We present a variant forecast for the spreading of the epidemic in autumn 2021. This is a test forecast, taking into account the risk of reinfection and partial cross-resistance between the Alpha and Delta variants.

General informations about forecast
• The forecast variants assume two levels of population immunization (lower and higher) – the percentage of convalescents in the population on June 1, 2021 is approx. 45% or 57%, respectively.

• The forecasts take into account all historically introduced restrictions and easing, including the holiday period (school closings and increased travel) and assume administrative restrictions and the intensity of social contacts in the post-holiday period, analogous to September 2020.

• We assume the participation of the Delta variant in new infections on June 1 at the level of 6%.

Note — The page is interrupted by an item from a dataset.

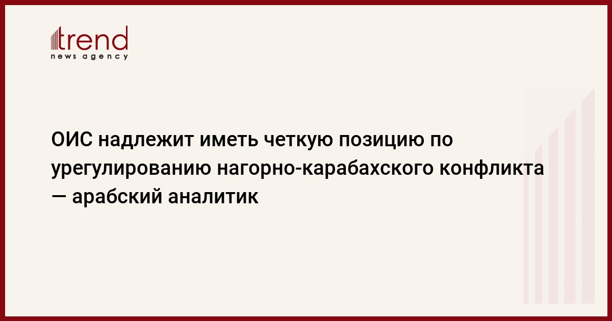БАКУ /Trend/ - Организации исламского сотрудничества (ОИС) необходимо иметь четкую позицию в урегулировании нагорно-карабахского конфликта, сказал Trend известный арабский писатель и аналитик Камаль аль-Халбави.

• Vaccinations are implemented according to data provided by ECDC and take into account vaccinations for which the first dose was administered until August 14, 2021.

Main assumptions about the risk of reinfection
We assume that the level of immunity, understood as the percentage reduction in the daily probability of being infected for the second time with the same variant, is 100% for the first month after recovery and then slowly decreases linearly at a rate of 5% of the initial value per month.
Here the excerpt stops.